*DATA SHOWN*.
◇ ◇ ◇ ◇ ◇

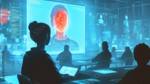 Futuristic AI-Powered Classroom with Students Interacting with Holographic Teachers in an Immersive Learning Environment
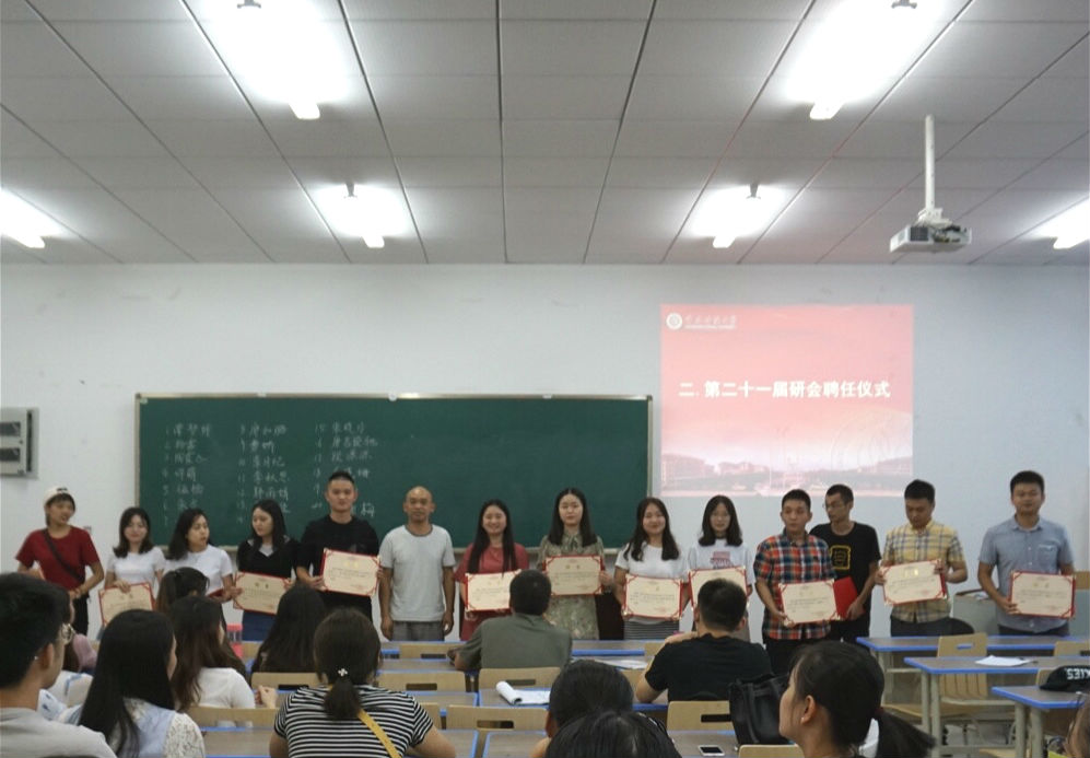 随后举行了第二十一届研究生会聘任仪式,由班主任李剑老师为上届研究生会成员颁发证书并讲话,对研究生会在过去一年来的工作和取得的成绩给予充分肯定,鼓励在场的研究生同学抓住机遇积极参与研究生会竞选,展现自我风采。他还希望研究生会能够继续保持积极稳健的工作作风,取得更加优异的成绩。
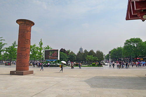 美術館前から反転、雁塔南路を北上、慈恩寺の西側を通って大雁塔北広場に戻り帰りのバス停を見つける。

◇ ◇ ◇ ◇ ◇

*THE TASK*. Copy word for word every line from the one holding "随后举行了第二十一届研究生会" to the end of the listing, both ends included, but do not copy any pictures.

*ANSWER TO THIS TASK*.
 随后举行了第二十一届研究生会聘任仪式,由班主任李剑老师为上届研究生会成员颁发证书并讲话,对研究生会在过去一年来的工作和取得的成绩给予充分肯定,鼓励在场的研究生同学抓住机遇积极参与研究生会竞选,展现自我风采。他还希望研究生会能够继续保持积极稳健的工作作风,取得更加优异的成绩。
 美術館前から反転、雁塔南路を北上、慈恩寺の西側を通って大雁塔北広場に戻り帰りのバス停を見つける。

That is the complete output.